◆ Extracted data entries ◆

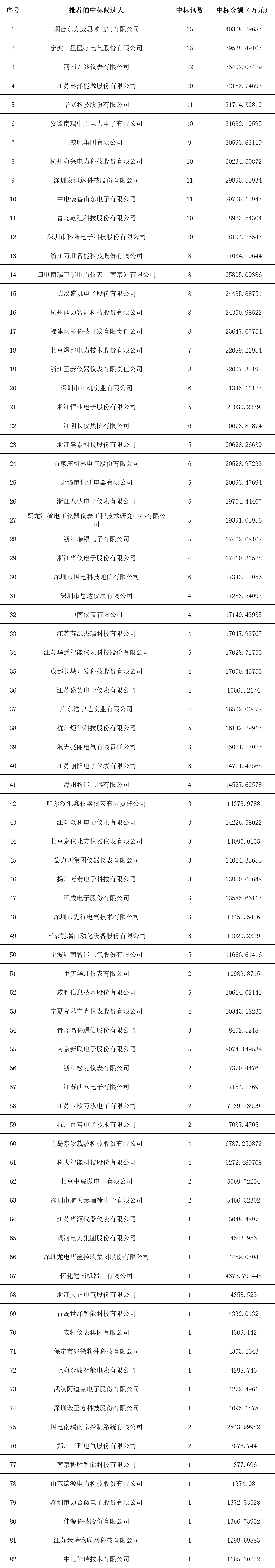 國(guó)家電網(wǎng)有限公司2024年第十五批采購(gòu)(營(yíng)銷項(xiàng)目第一次計(jì)量設(shè)備招標(biāo)采購(gòu))(招標(biāo)編號(hào):0711-24OTL01522004)評(píng)標(biāo)工作已經(jīng)結(jié)束。依據(jù)《中華人民共和國(guó)招標(biāo)投標(biāo)法實(shí)施條例》、《招標(biāo)公告和公示信息發(fā)布管理辦法》對(duì)中標(biāo)候選人公示的規(guī)定,現(xiàn)將評(píng)標(biāo)委員會(huì)推薦的中標(biāo)候選人予以公示,公示期3日。投標(biāo)人或者其他利害關(guān)系人若對(duì)評(píng)標(biāo)結(jié)果有異議的,請(qǐng)?jiān)谥袠?biāo)候選人公示期間以書面形式(郵件)提出。
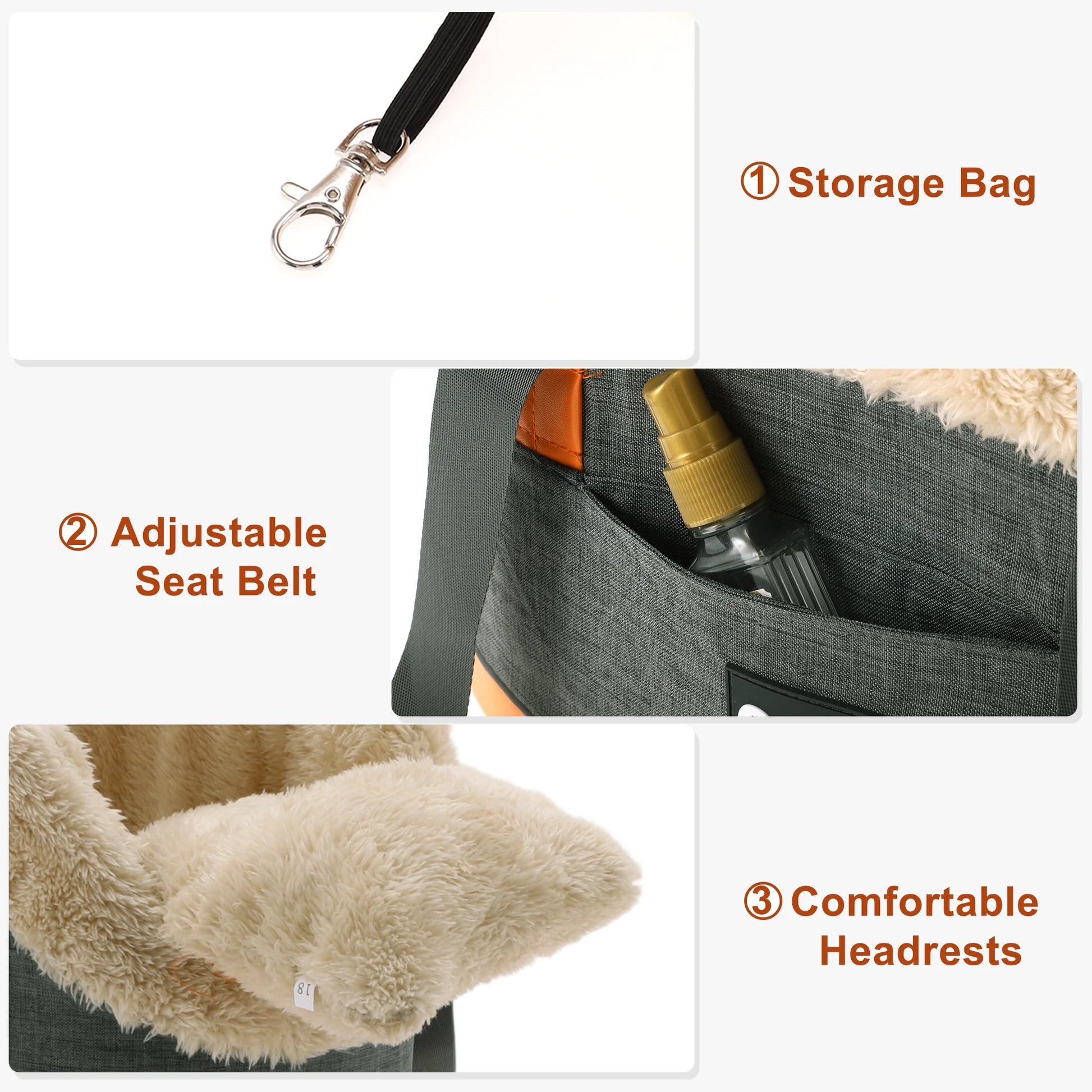 UXCELL Console Dog Car Seat Dog Beds Dog Mats Portable Booster Washable Front Seats for Small Pets Warm Sofa for Dogs Cats
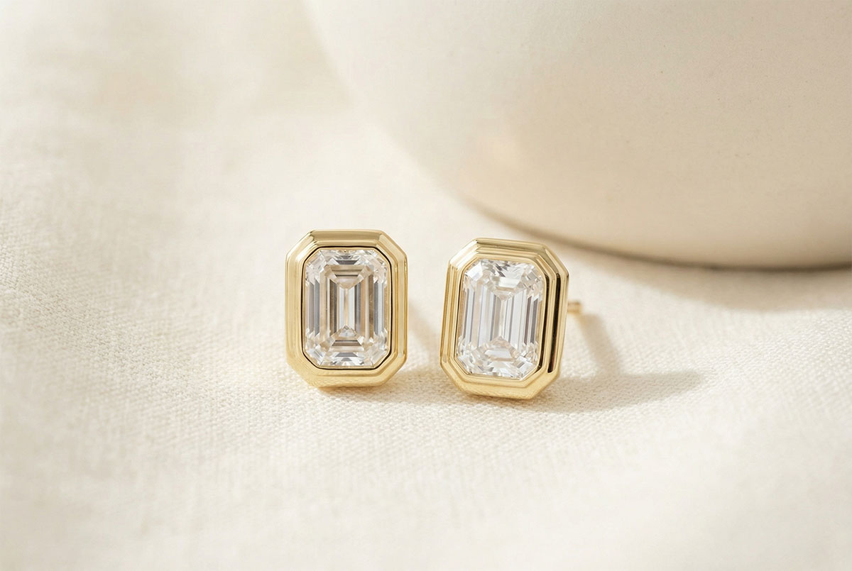 « L'ATELIER » NO. 403849Earrings Yellow gold 9 carats - Laboratory Diamond Baguette 0.3 Carats (2 X)
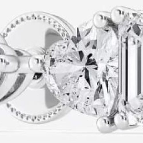 Heart and Emerald Cut White Gold Diamond Stud Earrings
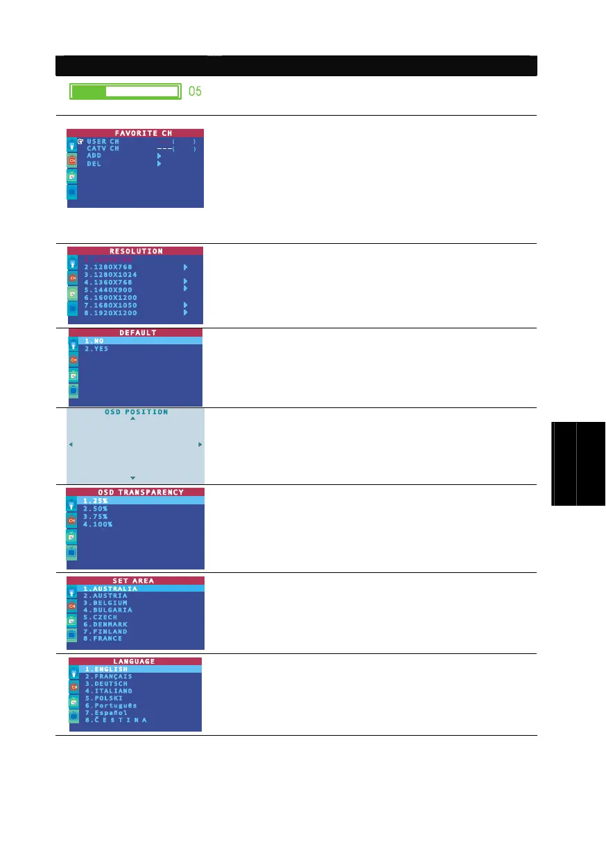 Pomocou tlačidiel CH▲ či CH▼ zvoľte rozlíšenie displeja a pokračujte

◆ Problem to solve ◆
A word-for-word copy is required of the lines above from the line with "Carats (2 X)" through the last line of the data; no other lines and no pictures belong in it.

◆ Exercise answer ◆
 « L'ATELIER » NO. 403849Earrings Yellow gold 9 carats - Laboratory Diamond Baguette 0.3 Carats (2 X)
 Heart and Emerald Cut White Gold Diamond Stud Earrings
 Pomocou tlačidiel CH▲ či CH▼ zvoľte rozlíšenie displeja a pokračujte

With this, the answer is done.